TV Distance between Limiting Distribution and One Step Transition Probability Distribution of Markov Chains

38 Views Asked by At

Edit 05/01/2023: This question may seem obtrusive at first glance, but it is warranted by some reinforcement learning algorithms, such as TD algorithm. In fact, consider building the Bellman Equation on MDP: $$ Q\left( s,a \right) =r\left( s,a \right) +\mathbb{E} \left[ Q\left( S\prime,A\prime \right) |S\prime\sim \mathbb{P} \left( \cdot |s,a \right) ,A\prime\sim \pi \left( \cdot |S\prime \right) \right], $$ then it implies the Q-learning algorithm: $$ Q\left( s,a \right) \gets Q\left( s,a \right) +\alpha \left( r\left( s,a \right) +\mathbb{E} \left[ Q\left( S\prime,A\prime \right) |S\prime\sim \mathbb{P} \left( \cdot |s,a \right) ,A\prime\sim \pi \left( \cdot |S\prime \right) \right] -Q\left( s,a \right) \right). $$ According to "A Theoretical Analysis of Deep Q-Learning"(JianQing Fan et al.), Assumption 5.3 essentially states the properties described below.

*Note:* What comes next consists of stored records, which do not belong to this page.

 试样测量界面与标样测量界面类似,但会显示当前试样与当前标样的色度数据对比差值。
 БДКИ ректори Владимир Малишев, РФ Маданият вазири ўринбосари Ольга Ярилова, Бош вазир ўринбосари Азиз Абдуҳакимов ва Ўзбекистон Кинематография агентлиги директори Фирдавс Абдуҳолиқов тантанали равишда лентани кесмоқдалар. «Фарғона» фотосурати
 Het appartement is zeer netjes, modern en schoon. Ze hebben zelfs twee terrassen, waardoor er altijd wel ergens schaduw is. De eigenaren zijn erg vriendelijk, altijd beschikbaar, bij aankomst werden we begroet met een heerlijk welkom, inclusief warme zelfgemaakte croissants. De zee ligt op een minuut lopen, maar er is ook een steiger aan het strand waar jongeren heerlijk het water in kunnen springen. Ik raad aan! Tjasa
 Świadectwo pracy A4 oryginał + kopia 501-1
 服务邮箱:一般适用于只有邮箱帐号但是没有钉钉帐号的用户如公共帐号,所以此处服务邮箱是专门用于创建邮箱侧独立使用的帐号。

I wonder if Assumption 5.3 in that paper is suitable. I simplified the form of the problem to give the following problem.

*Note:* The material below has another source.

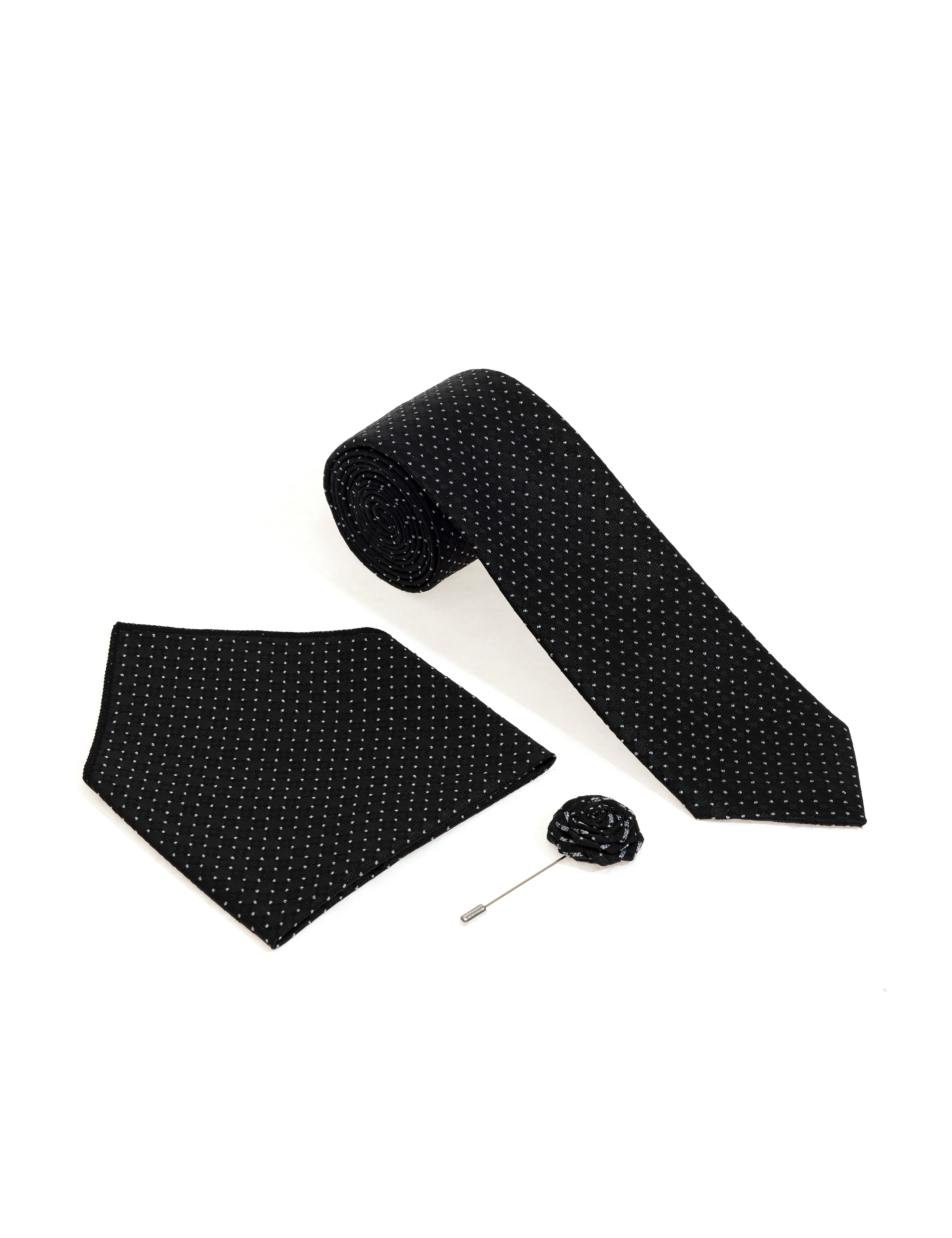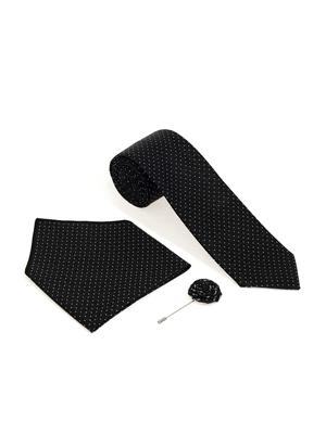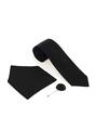 Siyah 3'lü Kravat-Mendil-Kravat İğnesi Set

Consider the distribution distance problem on a well defined Markov chains. Let the infinite Markov Chain is ergodic, so it is irreducible and all states $\{s_0, s_1, \cdots, s_T, \cdots\}$ are positive recurrent. Let $s_0 \sim \mu$ where $\mu$ is any stationary distribution on $\mathcal{S}$. I am interested in the following two distributions:
(1) One Step Transition Probability Distribution: $ \mathbb{E} \left[ \mathbb{P} \left( s_1\in \cdot |s_0 \right) |s_0\sim \mu \right] $
(2) Limiting Distribution: $ \lim_{t\rightarrow \infty} \mathbb{P} \left( s_t\in \cdot |s_0 \right) $
We already know that the Limiting Distribution exists and is a unique stationary distribution. So how do I handle the boundary of total variation distance $ D_{\mathrm{TV}}\left( \mathbb{E} \left[ \mathbb{P} \left( s_1\in \cdot |s_0 \right) |s_0\sim \mu \right] , \lim_{t\rightarrow \infty} \mathbb{P} \left( s_t\in \cdot |s_0 \right) \right) $?